Recorded information:
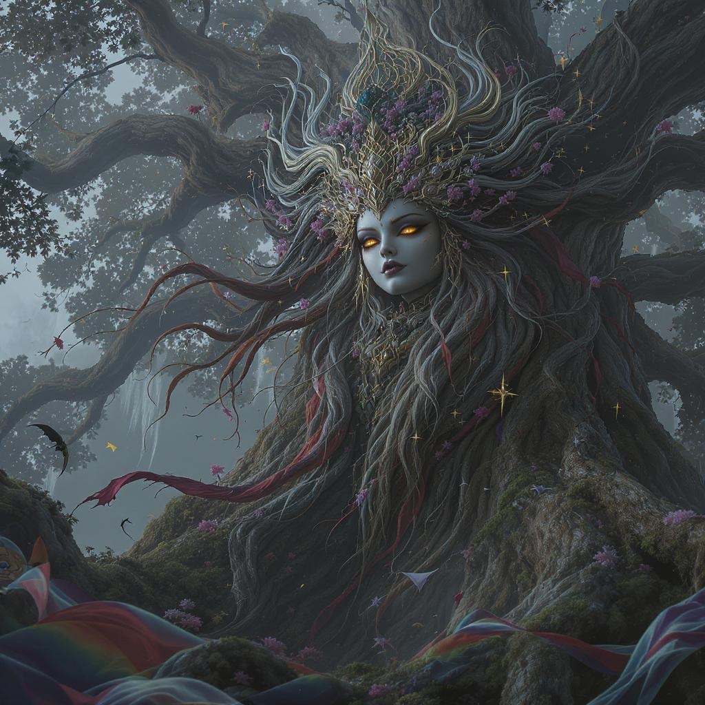 A stunningly intricate hyper-maximalist depiction of a cinematic forest deity with elaborate, floral elements woven into flowing, ethereal hair, reminiscent of a Magic the Gathering character. Set against the majestic backdrop of a colossal ancient tree, the deity strikes a breathtaking pose, embodying both grace and power, as if brought to life by the artistry of MountainDog Studios. Rendered in the Unreal Engine, the scene is bathed in intense lighting and dramatic shadows, interplaying with touches of orthodox symbolism that add layers of depth and meaning. The ambient atmosphere is palpable through the realism of ambient occlusion techniques, capturing raw emotion and spiritual resonance, all brought to life in breathtaking 8k resolution, with an aspect ratio of 2:3. Creative elements include subtle additions of surreal flora, intertwining the deity's essence with nature itself, while hints of mystical symbols are woven into the scene, enhancing the overall storytelling and visual splendor.
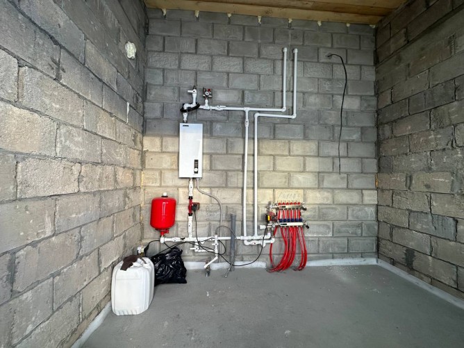 Отопление - электрокотел, теплый пол на первом этаже, на втором этаже радиаторы под окнами. По границе участка проходит газ. Подведение газа к участку оплачено, можно подключать.
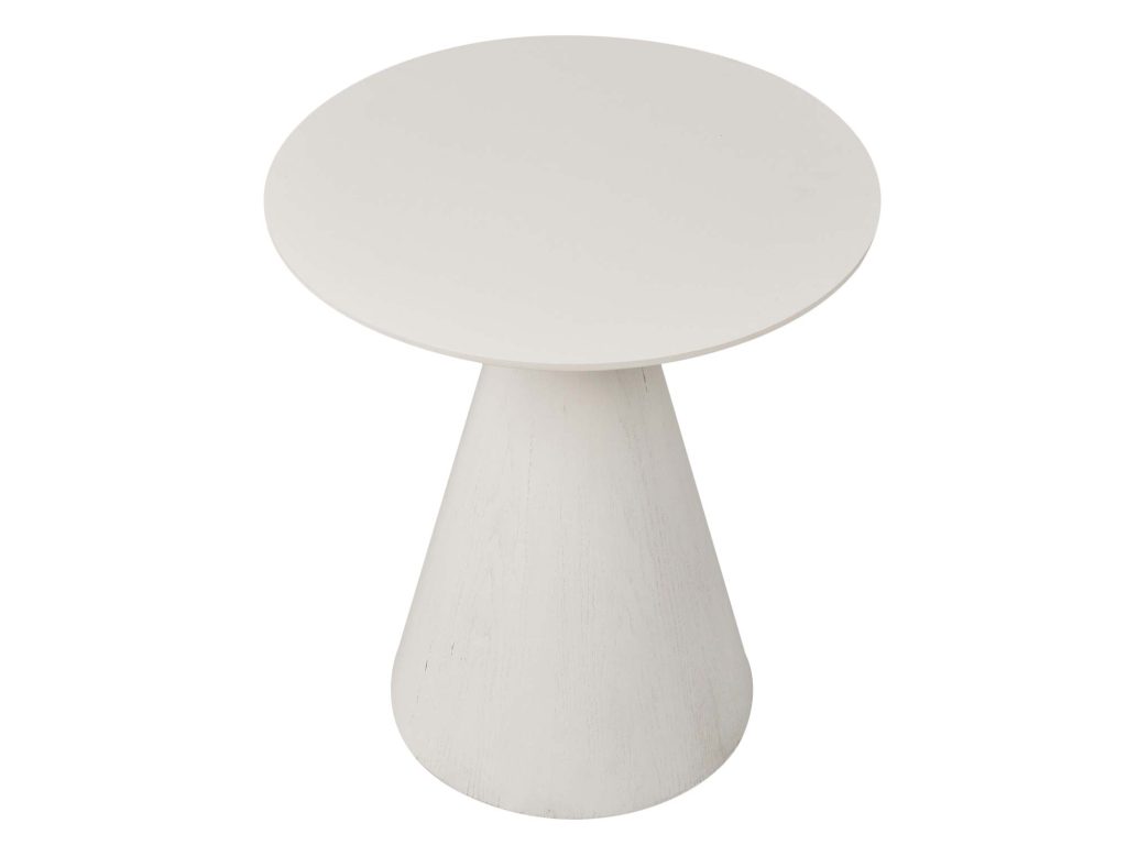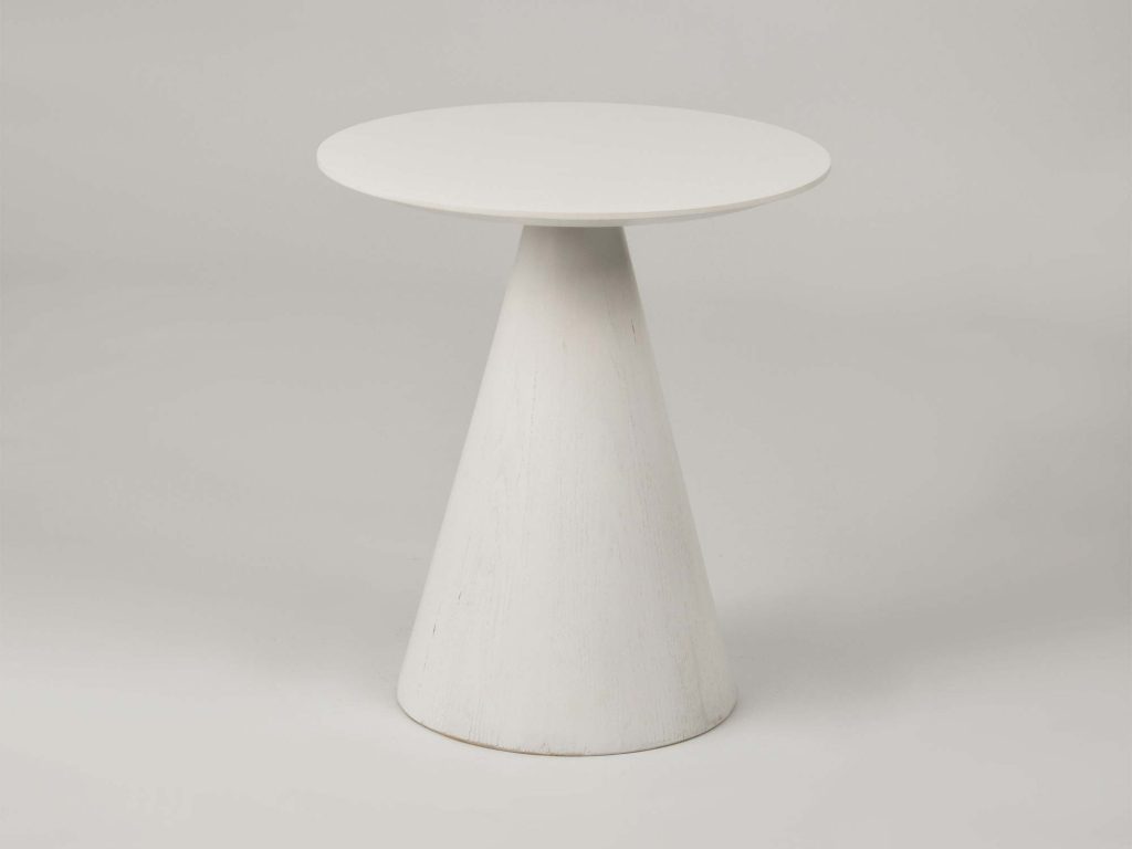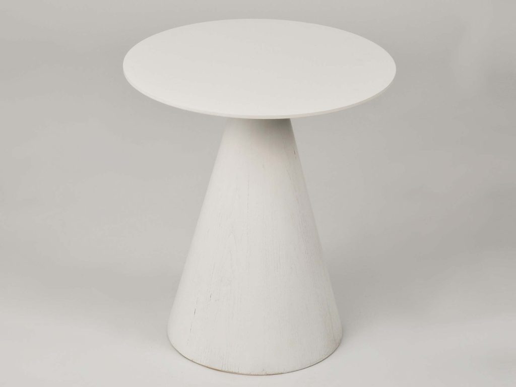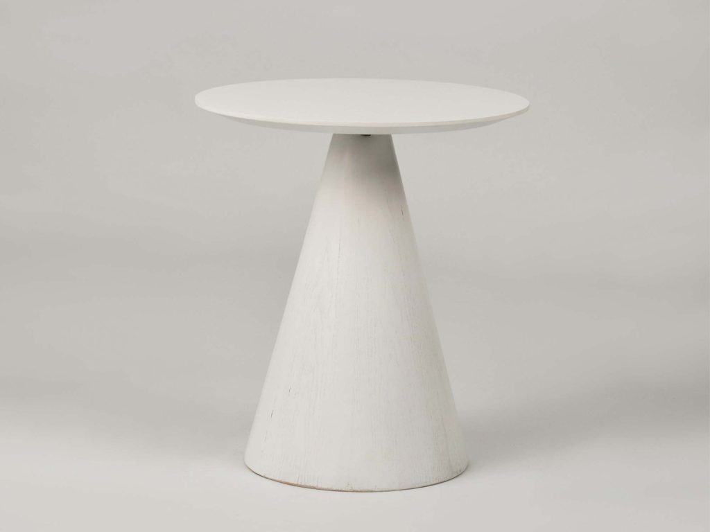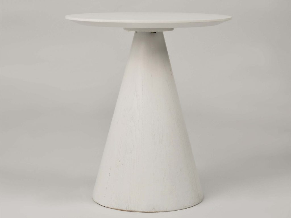 Minimalistyczny stolik z okrągłym blatem i podstawie w kształcie stożka. Konstrukcja wykonana jest z miękkiego drewna, całość w jednolitym kolorze białym. Stolik posiada widoczną strukturę drewna i niejednolitą powierzchnię.
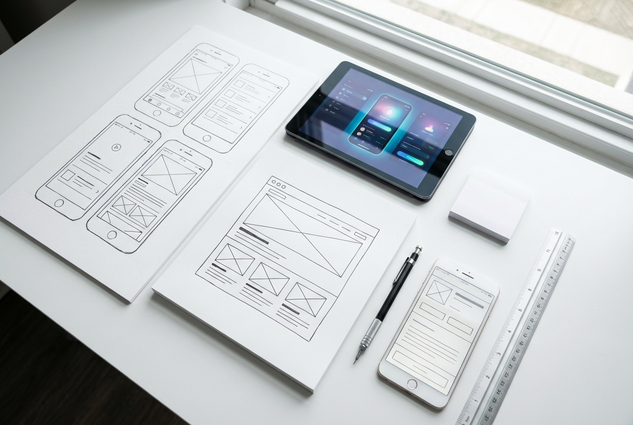Structural design: user flows, information architecture, and key screen layouts. Fast, iterative, and focused on getting the experience logic right.

Exercise description:
Leaving the pictures aside, repeat the data above exactly.

Output for this exercise:
 A stunningly intricate hyper-maximalist depiction of a cinematic forest deity with elaborate, floral elements woven into flowing, ethereal hair, reminiscent of a Magic the Gathering character. Set against the majestic backdrop of a colossal ancient tree, the deity strikes a breathtaking pose, embodying both grace and power, as if brought to life by the artistry of MountainDog Studios. Rendered in the Unreal Engine, the scene is bathed in intense lighting and dramatic shadows, interplaying with touches of orthodox symbolism that add layers of depth and meaning. The ambient atmosphere is palpable through the realism of ambient occlusion techniques, capturing raw emotion and spiritual resonance, all brought to life in breathtaking 8k resolution, with an aspect ratio of 2:3. Creative elements include subtle additions of surreal flora, intertwining the deity's essence with nature itself, while hints of mystical symbols are woven into the scene, enhancing the overall storytelling and visual splendor.
 Отопление - электрокотел, теплый пол на первом этаже, на втором этаже радиаторы под окнами. По границе участка проходит газ. Подведение газа к участку оплачено, можно подключать.
 Minimalistyczny stolik z okrągłym blatem i podstawie w kształcie stożka. Konstrukcja wykonana jest z miękkiego drewna, całość w jednolitym kolorze białym. Stolik posiada widoczną strukturę drewna i niejednolitą powierzchnię.
Structural design: user flows, information architecture, and key screen layouts. Fast, iterative, and focused on getting the experience logic right.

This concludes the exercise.